Architecture¶
Overview¶
modern-yolonas follows the standard YOLO-NAS architecture:
Input (3, 640, 640)
│
▼
Backbone (YoloNASBackbone)
├── Stem: Conv 3→48
├── Stage1: QARepVGG ↓2 → CSP → 96ch
├── Stage2: QARepVGG ↓2 → CSP → 192ch
├── Stage3: QARepVGG ↓2 → CSP → 384ch
├── Stage4: QARepVGG ↓2 → CSP → 768ch
└── SPP: Spatial Pyramid Pooling → 768ch
│
│ outputs: [c2(96), c3(192), c4(384), c5(768)]
▼
Neck (YoloNASPANNeckWithC2)
├── neck1 (up): [c5, c4, c3] → upsample + concat + CSP
├── neck2 (up): [n1, c3, c2] → upsample + concat + CSP → p3
├── neck3 (down): [p3, n2_inter] → downsample + concat + CSP → p4
└── neck4 (down): [p4, n1_inter] → downsample + concat + CSP → p5
│
│ outputs: [p3, p4, p5]
▼
Heads (NDFLHeads)
├── head1: p3 → cls(80) + reg(4×17) @ stride 8
├── head2: p4 → cls(80) + reg(4×17) @ stride 16
└── head3: p5 → cls(80) + reg(4×17) @ stride 32
│
▼
Output: [B, 8400, 4] bboxes + [B, 8400, 80] scores
Key components¶
QARepVGGBlock¶
The fundamental building block.
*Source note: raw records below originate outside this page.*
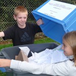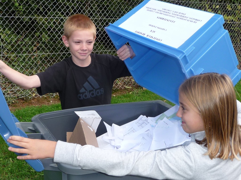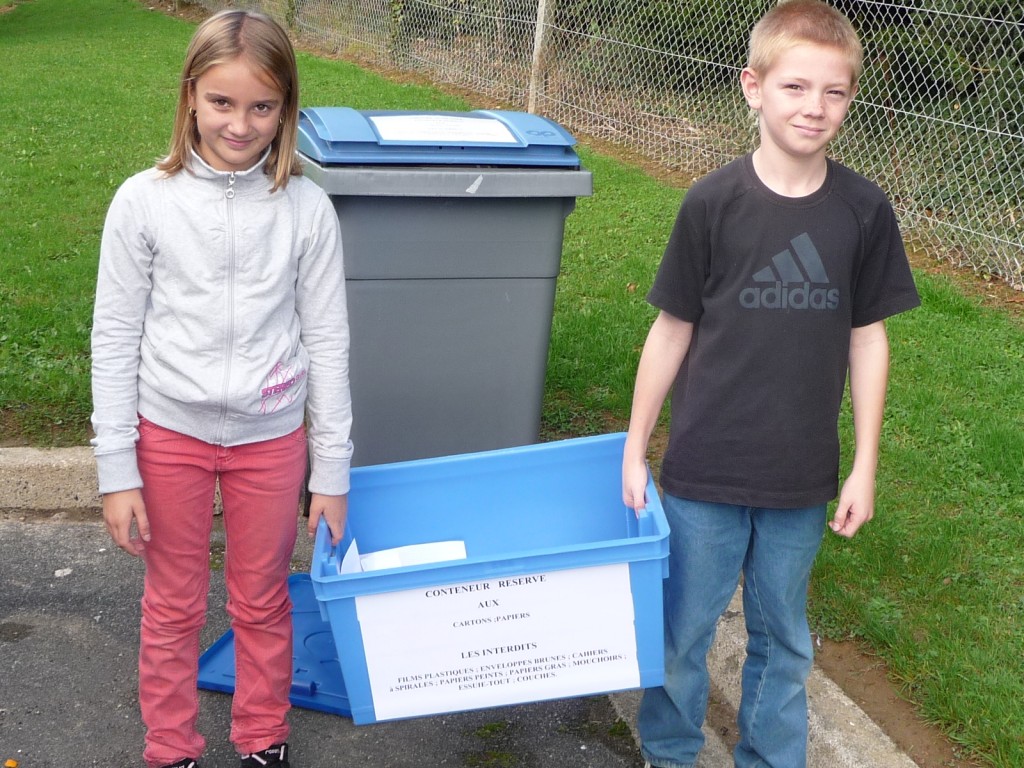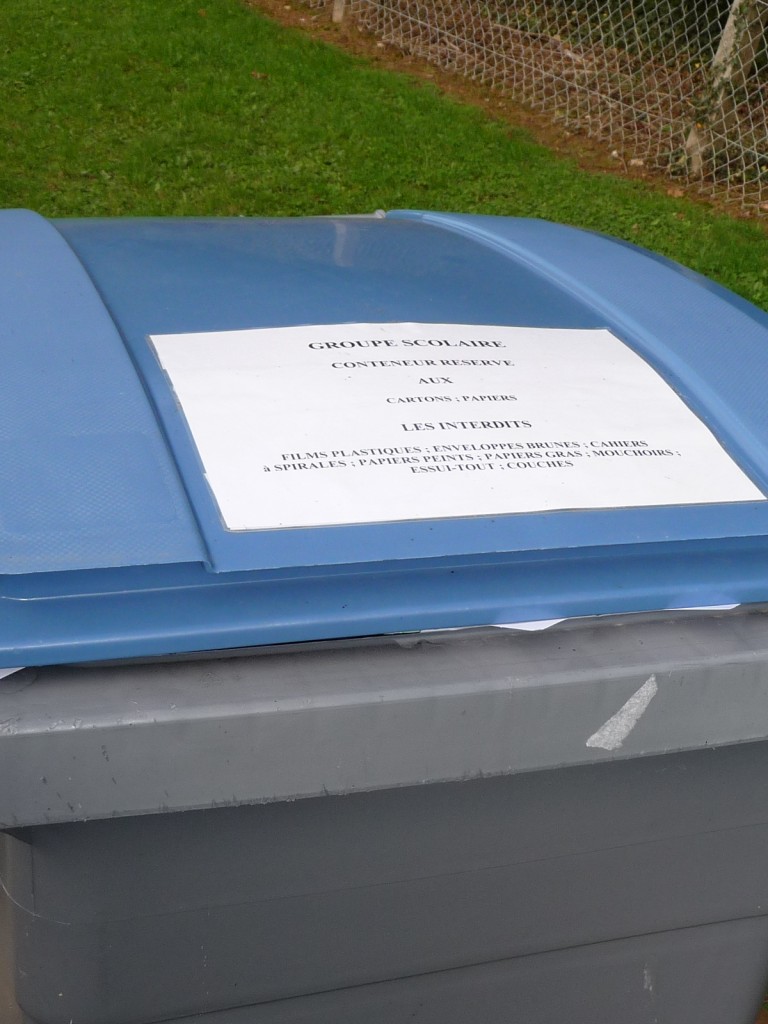 Dans chaque classe a été installée un mini bac de couleur bleue (pour mémoriser le grand container communal). Les collectes des papiers utilisés sont ainsi récupérées par les enfants et les adultes afin d’entrer ensuite dans le processus de recyclage.
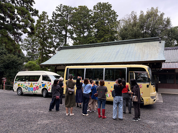 きく組の子どもたちが貼り絵で作成した大絵馬を吉田神社に奉納しました。
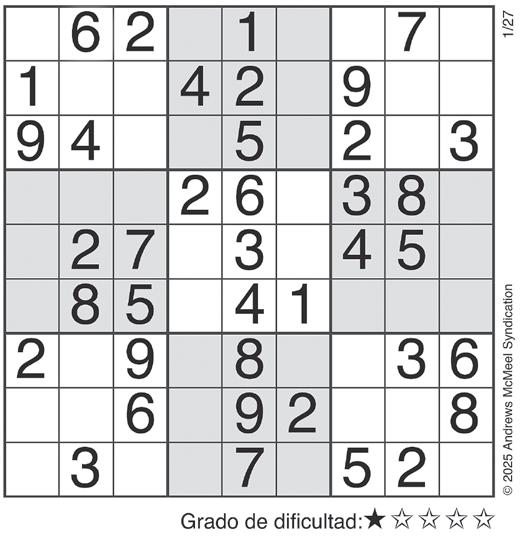 Complete el recuadro de tal manera que cada fila, columna y cuadro de 3x3 tengan los números del 1 al 9.
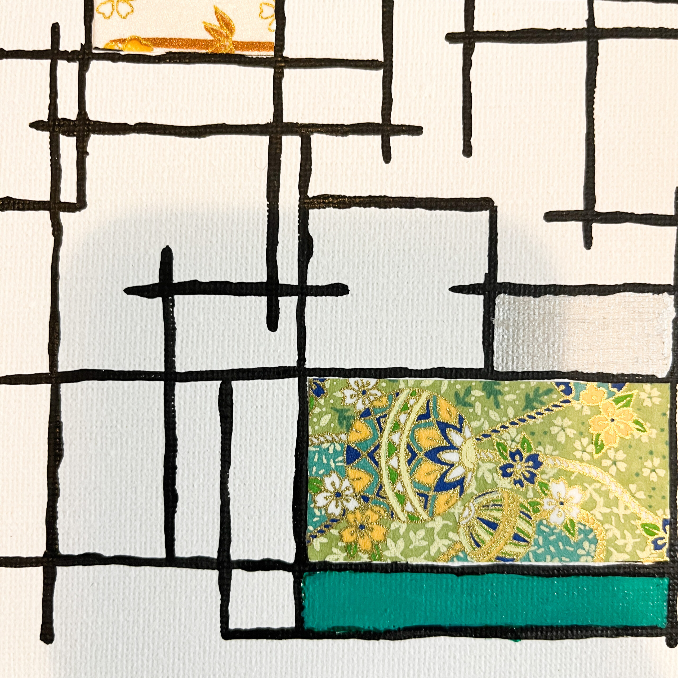 キュビズムの巨匠モンドリアンの作風と侘び寂びを感じてもらえたら嬉しいです。
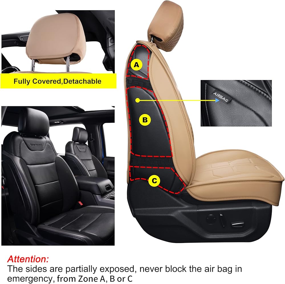 【Designed to fit F150-F450】This seat cover is customized to fit Select 2009 - 2022 Model Year Ford F150, and 2017 - 2022 Model Year Ford F250/F350/F450. The sides of the front seats are not fully covered to leave space for the air bag incase of emergency.
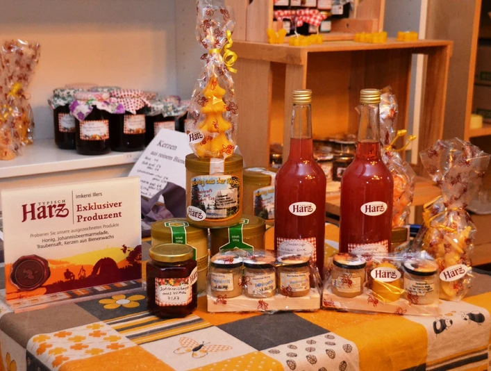 With a great deal of idealism, beekeeper Henning Illers and his wife have set up their small store under the motto "If the bee dies, the man dies". They offer various types of honey from Wieda and the surrounding villages as well as beeswax candles made from their own beeswax. They also sell excellent grape juice and St. John's jam, the fruits of which are harvested in their own garden. For further illustration, an educational bee trail has been set up in cooperation with the Harzklub. This can be explored individually or as part of a guided tour with the beekeeper.
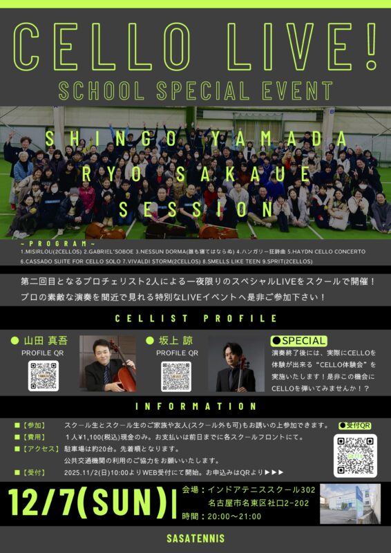 プロチェリストによる生演奏をインドアテニスコートでお届けいたします✨️
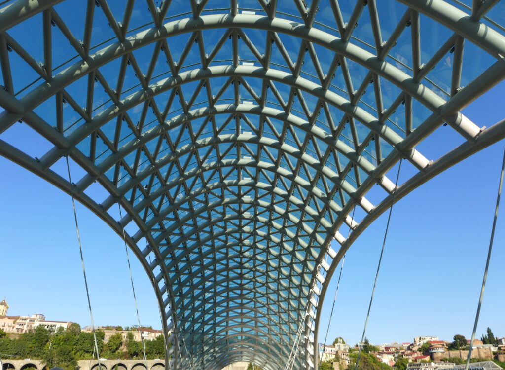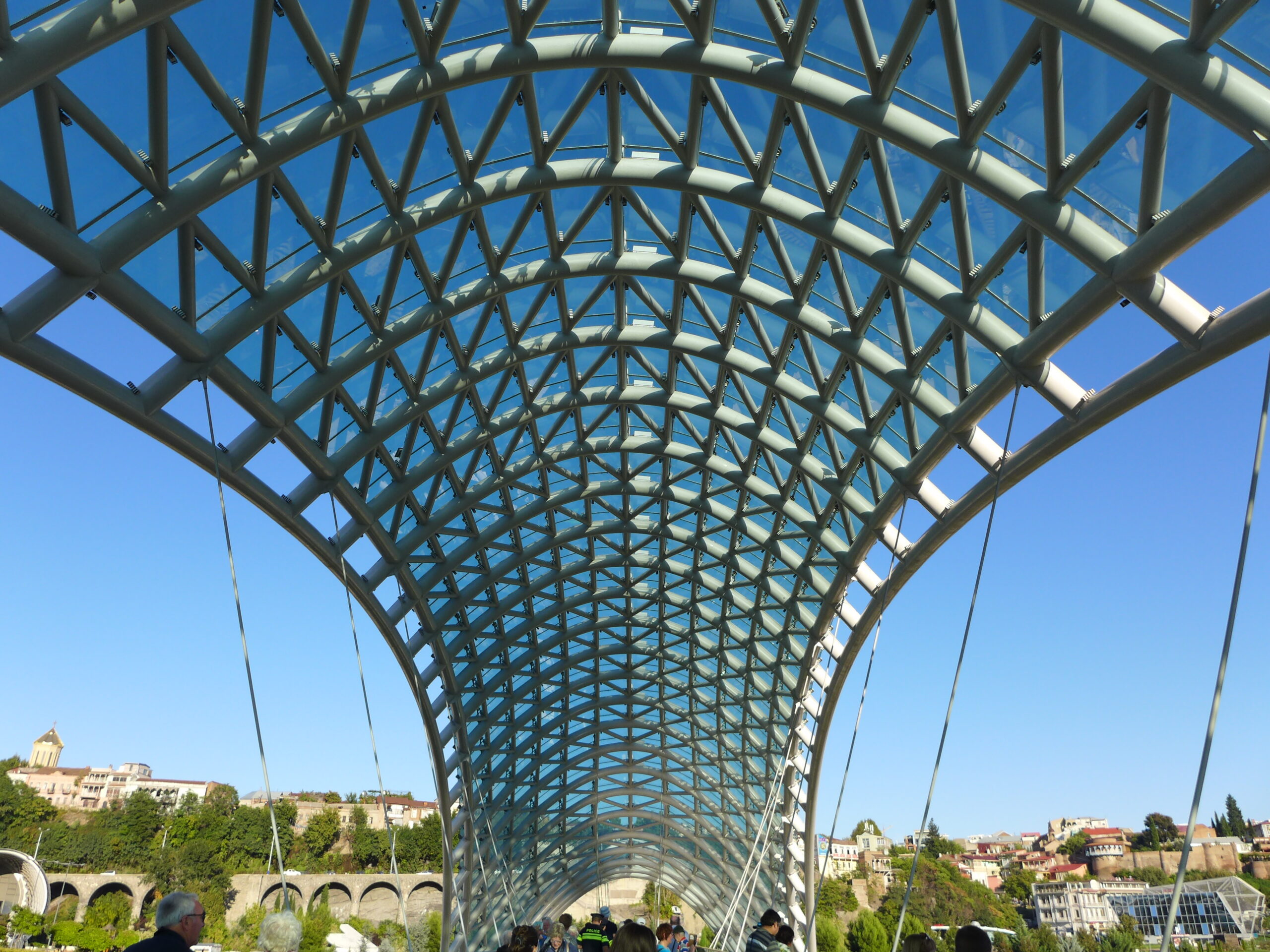 Die Friedensbrücke ist eine bogenförmige Fußgängerbrücke über den Mtkwari. Die 150 Meter lange, überdachte Brücke ist ein architektonisches Meisterwerk und verbindet die Altstadt mit einem Park auf der anderen Seite des Flusses. Dort befindet sich die Talstation der Seilbahn von der ihr nicht nur zur Statue Mutter Georgien sowie zur Festung Nariqala gelangt, sondern sie bietet euch darüber hinaus einen schönen Ausblick über Tiflis.
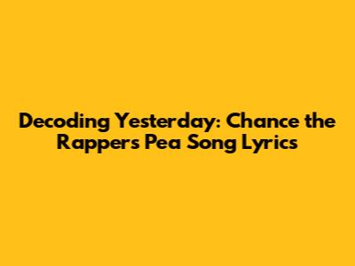 Hey music lovers! Ever found yourself vibing to a song and thinking, "What in the world are they even saying?" Well, you're not alone! Today, we're diving deep into the lyrics of Chance the Rapper's "Pea" from his project "Yesterday." Buckle up, because we're about to dissect the words, the meanings, and maybe even find some hidden gems along the way. Get ready to go on an amazing journey, guys!
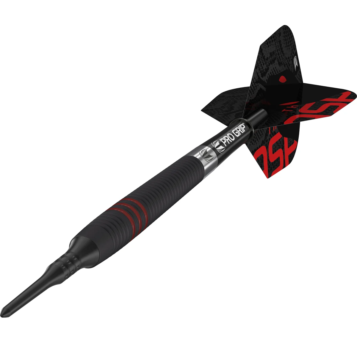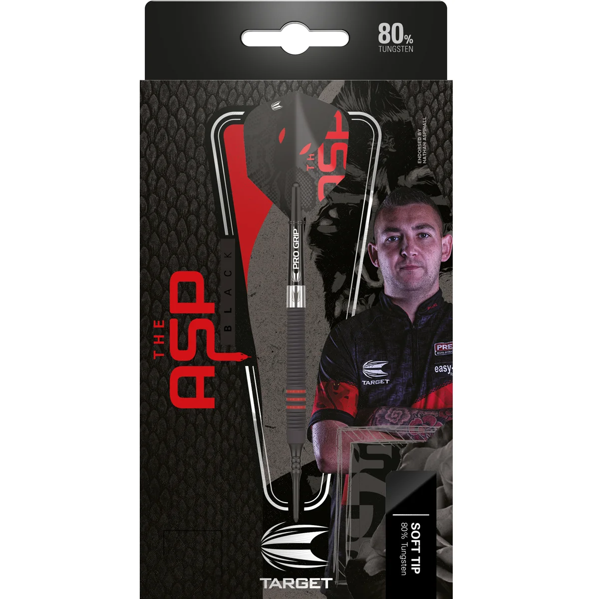 Neue Nathan Aspinall Black Softdarts mit einem Tungstenanteil von 80% in der, von "The Asp" bevorzugten, leichten Torpedoform. Die Darts haben eine sehr große Ringed Grip Fläche um sie an verschiedenen Stellen, je nach eigenem Wurfstil, greifen und kontrollieren zu können. Die Barrels sind auf Grund der Form ein wenig Frontlastig und damit sehr gut für gefühlvollere Werfer geeignet. Die eingefärbten Roten Ringe heben sich sehr schön von den schwarz beschichteten Barrels ab und setzen optische Akzente.
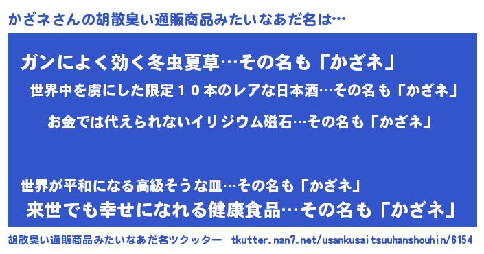 | 意味不明あだ名 | 『眠気覚ましガムかざネ味』『自称かざネ』 |
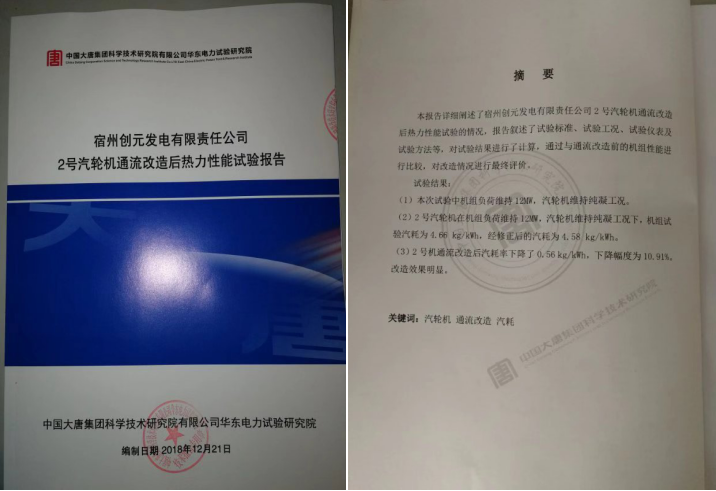 由具備國家一級專業(yè)資質(zhì)——中國大唐集團科學技術(shù)研究院有限公司華東電力試驗研究院,對照機組改造前實際運行參數(shù),純凝運行工況汽耗值為5.14kg/kw.h,改造后機組純凝工況汽耗值為4.58kg/kw.h,在同等運行工況條件下,汽耗值下降0.56kg/kw.h,下降幅度即節(jié)能提效比例為10.91%,按原機組12MW同等運行工況條件下,可實現(xiàn)節(jié)能提效電量為1309.2kw/h,按年運行7500小時計算,年可實現(xiàn)節(jié)能經(jīng)濟效益490萬元,節(jié)能效益與社會效益均非常顯著。
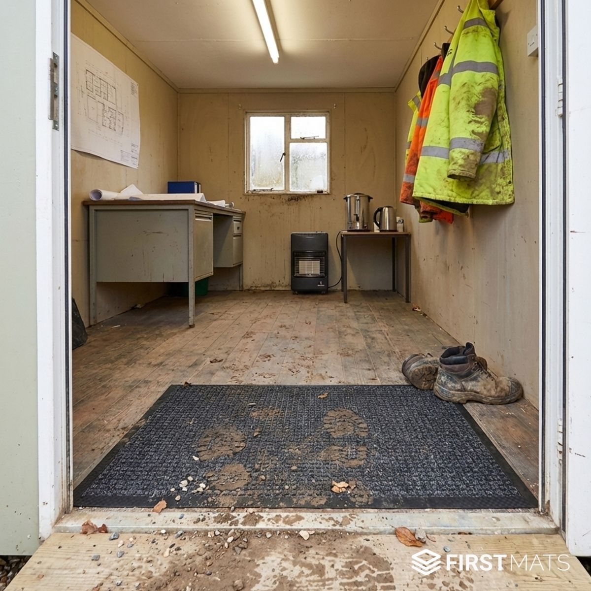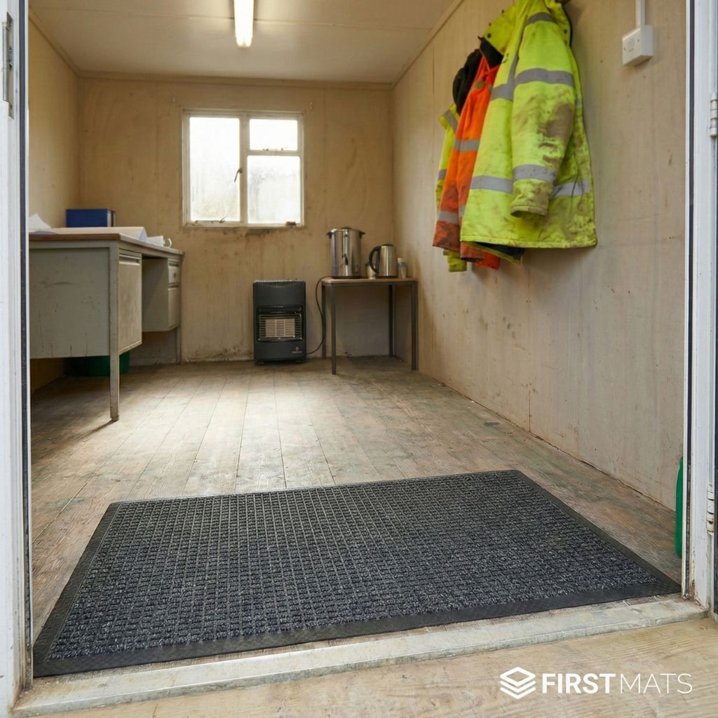 The slip-resistant rubber backing keeps the mat firmly in place on smooth cabin flooring, even during busy shifts. Durable, easy to clean, and available in practical sizes, it’s ideal for welfare units, office cabins, drying rooms, and other high-traffic site buildings that need reliable protection against the constant mess of construction work.
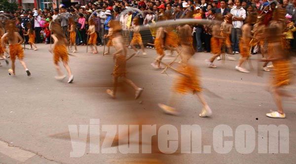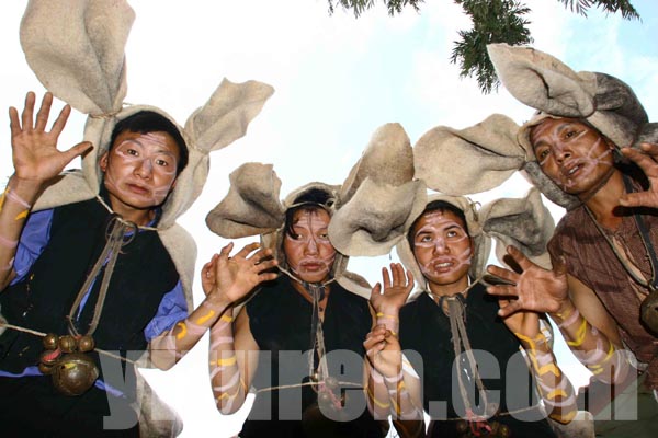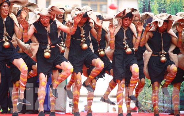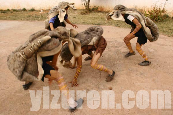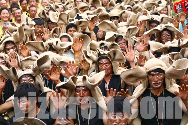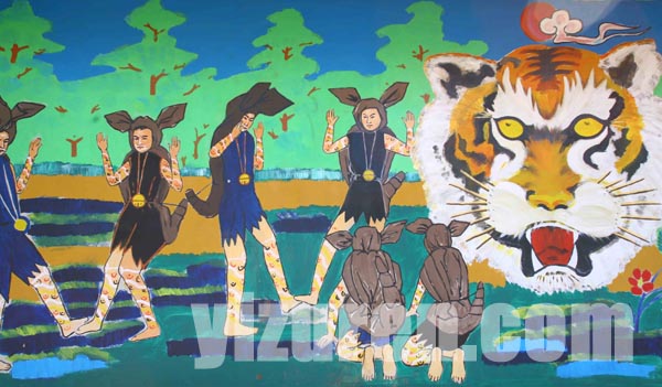 跳虎前人们有红黄白三色在手脚和面部绘上虎纹
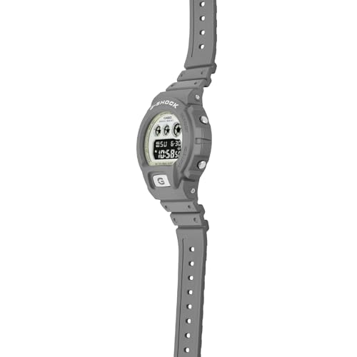 G-Shock - ساعة جي-شوك من كاسيو DW6900HD-8DR 6900 سلسلة 6900 رقمية مضيئة متوهجة بسوار راتنج للرجال - بلون رمادي/أبيض
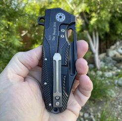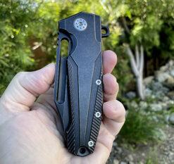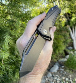 The Beast offers a Black stone washed S35VN blade on bearings , the frames are Milled and Black stone washed with satin hardware. Marked the BEAST 2015.
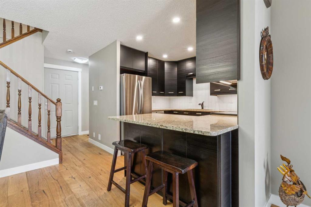 *PLEASE NOTE OPEN HOUSE HAS BEEN CANCELLED*Experience this rare opportunity to live in TIFFANY LANE, the highly desirable and unique townhome complex that captures and creates the charm and serenity of a mountain retreat in the city—right in the heart of the vibrant community of Woodbine! This exceptional home is a private sanctuary, offering over 1,920 square feet of beautifully renovated living space across three levels, blending tranquillity, modern luxury and convenience. Step into the bright, inviting foyer that opens to the warm, open-concept main floor, filled with natural light and rich, wide-plank hardwood flooring. The stunning vaulted ceiling living room, anchored by a cozy Napoleon gas fireplace, creates the perfect setting for both entertaining and relaxing evenings at home. The gourmet kitchen features abundant cabinetry, granite countertops, stainless steel appliances, under-cabinet lighting, and a sit-down breakfast bar with additional storage. A spacious dining room easily accommodates both everyday living and larger gatherings. Upstairs, the luxurious primary suite offers a peaceful retreat with dual closets and a stylish three-piece ensuite. The second oversized bedroom and the full bathroom with a soaker tub provide ample space for family or guests. The large loft is ideal for a home office or an additional lounge area. Triple-pane windows on the upper level offer enhanced energy efficiency, added comfort, and quiet living. The fully developed basement expands the living space with a large recreation room—perfect for a home gym, media room, or guest space—along with excellent storage. Outside, enjoy the private, treed, fully fenced front patio surrounded by nature. Ideal for summer BBQs with a gas hookup and relaxing at the end of the day. A double attached garage adds everyday convenience, complete with built-in storage. Ideally located just steps from the full amenities of Woodbine Square. Walk to Fish Creek Park - one of North America’s largest urban parks with access to kilometres of scenic walking and biking trails. It is also close to transit and has easy access to Stony Trail. A fantastic opportunity you do not want to miss! Love where you live!

During training it maintains three branches (3x3 conv+BN, 1x1 conv, identity) that are fused into a single convolution for inference. This enables quantization-aware training while keeping inference fast.
DFL Heads¶
Uses Distribution Focal Loss with reg_max=16 — predicts a discrete
probability distribution over 17 offset bins per box edge, then reduces via
softmax + linear projection. This gives more precise box regression than
direct coordinate prediction.
State dict compatibility¶
All attribute names (backbone.stem, neck.neck1, heads.head1, etc.)
exactly match the super-gradients module hierarchy, so pretrained checkpoints
load directly with only DDP/EMA prefix stripping.
Variants¶
| Variant | concat_intermediates |
Head width_mult |
Params |
|---|---|---|---|
| S | False everywhere | 0.5 | ~12M |
| M | True in stages 1-3 | 0.75 | ~31M |
| L | True everywhere | 1.0 | ~44M |